The implementation techniques of the visual SLAM front-end visual odometry mainly include direct methods and feature point methods. Direct methods estimate camera motion using pixel value information of images, which are easily disturbed by external environmental factors. Feature point methods estimate camera motion through reprojection by tracking the position changes of representative information in images, offering good resistance to interference. Common feature point extraction algorithms include the ORB, 6 SIFT, 7 and SURF 8 algorithms. Among the existing feature point algorithms, the ORB feature due to its fast computation speed, meeting real-time requirements, is widely used in visual SLAM systems. However, the ORB algorithm tends to cluster, with unevenly distributed feature points extracted, which is not conducive to subsequent camera tracking. 9
Many researchers have improved the ORB detection algorithm. Mur-Artal et al. 10 used a quadtree division algorithm to segment images and then employed the Harris response value for nonmaximum suppression of feature points, effectively improving the uniformity of feature point distribution and enhancing the stability and reliability of feature points. Yao et al. 11 proposed an adaptive threshold ORB feature extraction algorithm based on an improved quadtree algorithm, showing better stability and speed in complex environments. Sun et al. 12 proposed an improved ORB algorithm based on regional segmentation, optimizing the uniformity of feature point distribution. Although issues with feature point mismatches persist, notable progress has been achieved.

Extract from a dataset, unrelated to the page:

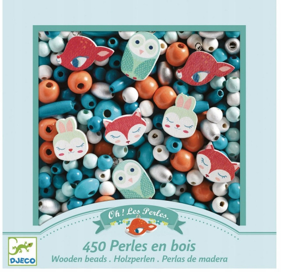 - 450 różnych drewnianych koralików

In the field of visual SLAM, many excellent SLAM system frameworks have been proposed in recent years, such as DSO, 13 VINS-Fusion, 14 and the ORB-SLAM series. These algorithm frameworks can meet most application needs, especially in improving positioning accuracy and map construction efficiency. However, as the complexity of application scenarios increases, SLAM systems still have shortcomings in specific real-world scenarios, especially in indoor dynamic scenes with pedestrians and other dynamic objects, where existing SLAM systems often struggle to accurately handle these dynamic changes, affecting the system's positioning and mapping performance. 15
To address this challenge, many researchers have proposed numerous excellent algorithms based on the ORB-SLAM framework. Bescos et al. 16 introduced the DynaSLAM method, which precisely eliminates feature points of dynamic objects by combining semantic segmentation with multi-view geometry methods, thereby improving the performance of SLAM systems in dynamic environments. The DS-SLAM method integrates a semantic segmentation network and greatly improves positioning accuracy in dynamic scenes through motion consistency detection. 17 Dynamic-SLAM 18 uses the SSD network to detect dynamic objects and compensates for detection omissions using the velocity invariance of adjacent frames. This method improves the accuracy of dynamic object detection, especially in fast-moving scenes. Gong et al.'s method attempts to retain static feature points during dynamic and static detection crossover, improving SLAM performance in dynamic scenes to some extent but failing to completely correctly retain dynamic feature points. 19 Sun et al.'s VSLAM algorithm uses RGB-D information and dense optical flow tracking technology to remove dynamic foregrounds. 20 Although this method can handle dynamic objects to some extent, its performance is limited by the accuracy of the optical flow algorithm and high-speed moving scenes.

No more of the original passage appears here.